Downstream Cargo.toml:
[dependencies]
edge-python = { git = "https://github.com/dylan-sutton-chavez/edge-python", tag = "v0.1.0" }Downstream build.rs:
fn main() {
println!("cargo::rerun-if-changed=build.rs");
let wasm = std::env::var("DEP_COMPILER_LIB_WASM")
.expect("`DEP_COMPILER_LIB_WASM` unset — upstream `edge-python` must declare `links = \"compiler_lib\"`");
std::fs::copy(&wasm, "runtime/compiler_lib.wasm").expect("copy failed");
}URL is derived entirely from this crate's Cargo.toml (<repository>/releases/download/v<version>/compiler_lib.wasm), so a tag bump is the only thing a consumer ever needs to retarget. branch = "main" is also valid for unreleased work; pin to a tag for reproducible builds. Requires curl on the host PATH. The fetch is gated by the default-on prebuilt feature; producer-side workspace commands pass --no-default-features to skip it.
- Aho, Sethi & Ullman, Compilers: Principles, Techniques and Tools (1986). LUT-based lexer.
- Pratt, Top Down Operator Precedence (POPL 1973). Precedence climbing parser.

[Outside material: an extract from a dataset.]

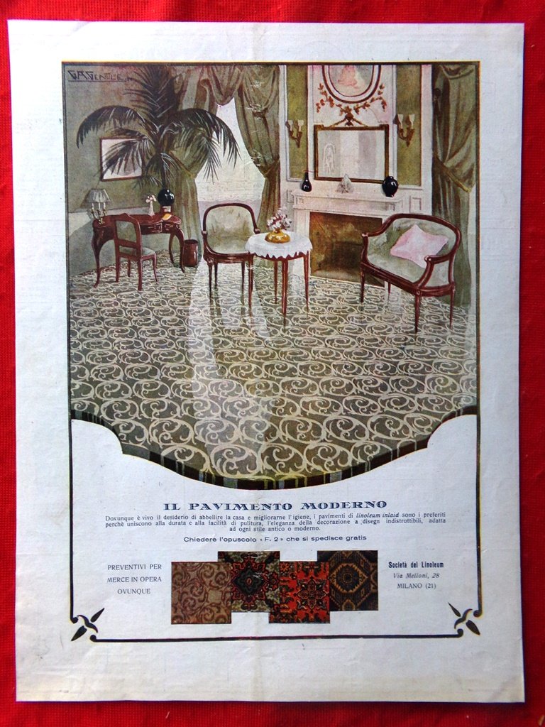 Pubblicità del 1925 Pavimento Moderno Società del Linoleum Milano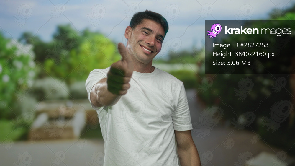 Man hand showing thumbs-up gesture on street by green foliage; approval encouragement positivity confidence.

- Cytron et al., Efficiently Computing Static Single Assignment Form (TOPLAS 1991). SSA, φ-nodes.
- Gudeman, Representing Type Information in Dynamically Typed Languages (1993). NaN-boxing.
- Deutsch & Schiffman, Efficient Implementation of the Smalltalk-80 System (POPL 1984). Inline caching.
- Ertl & Gregg, The Structure and Performance of Efficient Interpreters (JILP 2003). Threaded dispatch.
- Hölzle & Ungar, Optimizing Dynamically-Dispatched Calls with Run-Time Type Feedback (PLDI 1994).
- Casey et al., Towards Superinstructions for Java Interpreters (SCOPES 2003). LoadAttr+Call fusion.
- Michie, Memo Functions and Machine Learning (Nature 1968). Pure-function memoization.
- McCarthy, Recursive Functions of Symbolic Expressions (CACM 1960). Mark-sweep GC.
- Backus, Can Programming Be Liberated from the von Neumann Style? (CACM 1978). Function-level paradigm.